For the last eight years, Republicans have claimed to have a plan to improve health care.

If you didn’t like the deductibles under Obamacare, they told you that their plan would lower those deductibles. If you didn’t like rising premiums, their plan would lower those premiums. If you didn’t like the fact that Obamacare left 28 million uninsured (in part because states such as Georgia decided to leave them uninsured), their plan would fix that too. If rural hospitals were closing, if insurers were leaving certain markets because the markets were too small and poor to be profitable, the Republican plan would fix it.

Yet no such GOP plan existed. Even worse, Republicans had no intention of having such a plan. Their “plan” all along consisted of a single paramount concept: Slash government funding for health care as much as politically possible, then divert the money saved into tax cuts targeted at the wealthy.
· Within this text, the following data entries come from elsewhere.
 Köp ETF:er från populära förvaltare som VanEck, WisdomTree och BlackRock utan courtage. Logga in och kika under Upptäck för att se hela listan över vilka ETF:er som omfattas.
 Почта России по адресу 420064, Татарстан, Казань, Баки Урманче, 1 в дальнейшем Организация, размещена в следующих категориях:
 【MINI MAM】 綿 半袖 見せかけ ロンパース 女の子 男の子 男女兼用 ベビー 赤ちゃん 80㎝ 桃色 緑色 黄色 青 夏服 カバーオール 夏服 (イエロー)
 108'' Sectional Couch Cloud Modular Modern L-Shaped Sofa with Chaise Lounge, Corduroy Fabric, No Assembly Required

In recent weeks, we have seen that singular concept take legislative form. The Republican Senate version, the “Better Care Reconciliation Act,” doesn’t offer anything remotely like better care. It proposes to take $1.1 trillion in federal money out of the health care system over the next decade, and it replaces it with … pretty much nothing. According to the Congressional Budget Office, that will leave an additional 22 million Americans with no insurance coverage whatsoever. “The increase would be disproportionately larger among older people with lower income — particularly people between 50 and 64 years old,” the CBO predicts. In Georgia alone, according to one expert analysis, 680,000 will lose coverage.

The theory, of course, is that the free enterprise system will step in and “take care of it” as government recedes. But nowhere on this planet does the free enterprise system “take care of it,” because while the market is great at doing a lot of things, it is spectacularly ill suited for regulating access to health care.
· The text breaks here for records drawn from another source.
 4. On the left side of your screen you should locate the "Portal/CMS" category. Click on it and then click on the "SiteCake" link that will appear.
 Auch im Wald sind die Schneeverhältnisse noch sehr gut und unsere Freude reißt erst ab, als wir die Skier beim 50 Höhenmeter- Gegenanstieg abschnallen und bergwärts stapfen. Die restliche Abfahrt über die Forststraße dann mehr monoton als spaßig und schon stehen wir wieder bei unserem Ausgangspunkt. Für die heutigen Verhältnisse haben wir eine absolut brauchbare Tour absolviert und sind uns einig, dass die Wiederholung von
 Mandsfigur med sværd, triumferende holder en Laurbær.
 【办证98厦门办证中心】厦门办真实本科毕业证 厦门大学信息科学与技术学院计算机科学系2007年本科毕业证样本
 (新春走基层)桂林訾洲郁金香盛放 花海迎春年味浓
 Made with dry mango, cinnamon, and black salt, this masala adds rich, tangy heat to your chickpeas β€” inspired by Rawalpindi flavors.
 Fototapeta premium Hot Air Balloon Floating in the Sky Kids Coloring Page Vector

A functioning market, whether the commodity is sugar, salt, steel or surgery, requires that you, the potential buyer, are able to compare prices and outcomes. It requires that buyer and seller have comparable degrees of knowledge about the goods or service being purchased. It requires that the buyer and the seller are equally motivated to reach a fair deal. It requires competition.
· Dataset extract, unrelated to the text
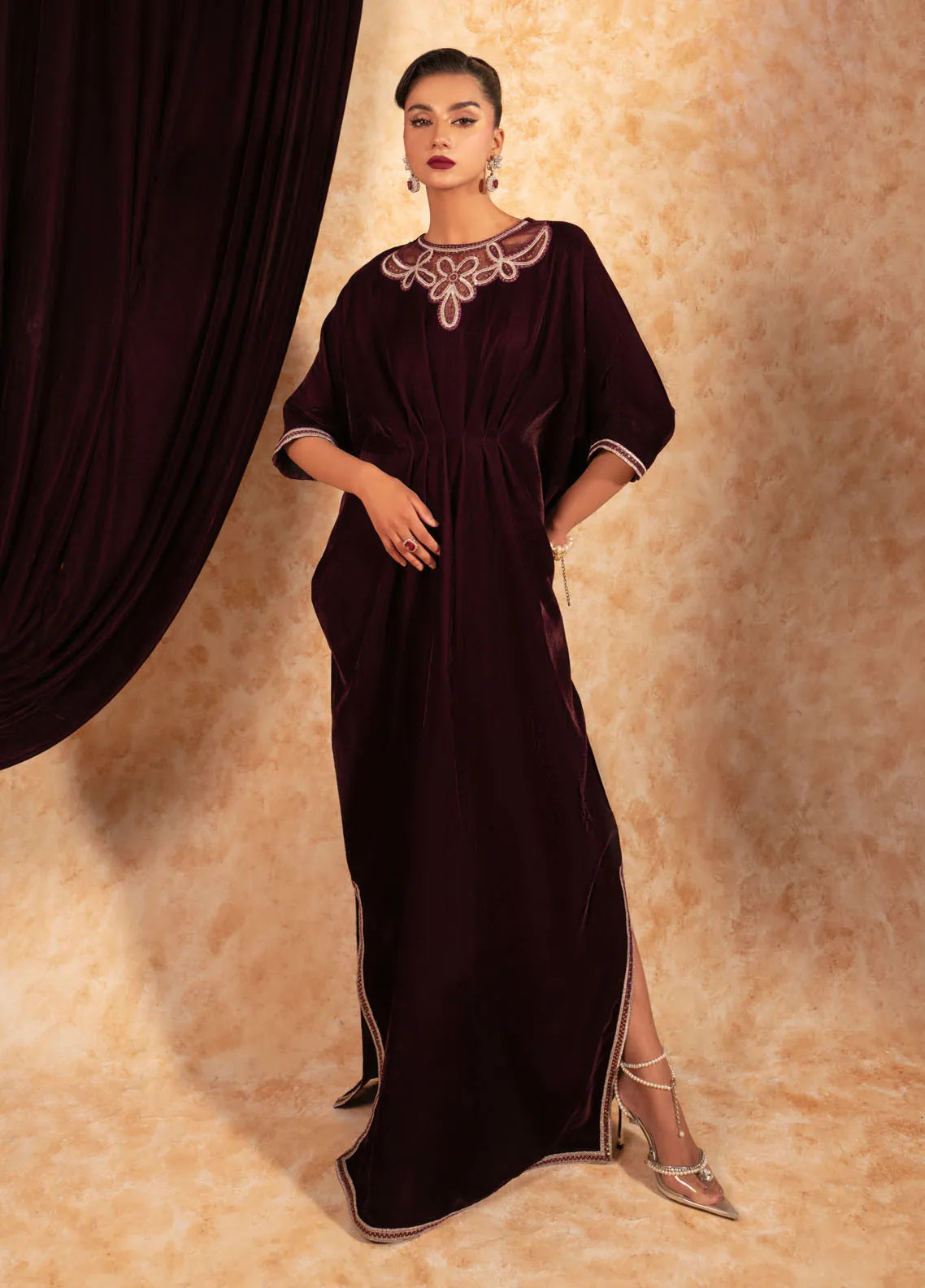 Fozia Khalid Pret Embroidered Velvet Kaftaan Ruby

None of those conditions exists in health care.

When the doctor tells you that he can save your life, or the life of your child, spouse or parent, you’re not in a position to bargain about the price he’s going to charge you. When you’re wheeled into the emergency room after a car wreck, you can’t interview every specialist who walks into your room to make sure they’re “in network.” You can’t ask three different hospital groups to submit bids for your breast cancer treatment, nor can you accurately compare survival rates. If a pharmaceutical company wants to charge you $5,000 a month for the drug that will save your life, you pay it or you die.

But here’s where it really falls apart: The basic premise of the marketplace is that if you can’t afford it, you can’t have it. In this case, if you can’t afford health care, you don’t get health care. If we’re willing to do that — if we’re willing to accept the “collateral damage” of untreated illness and unnecessary death, if we treat health care as a luxury item available to some, rather than a right available to all — then the GOP approach can work, after a fashion.

The GOP has shown itself willing to do all that. I’m not.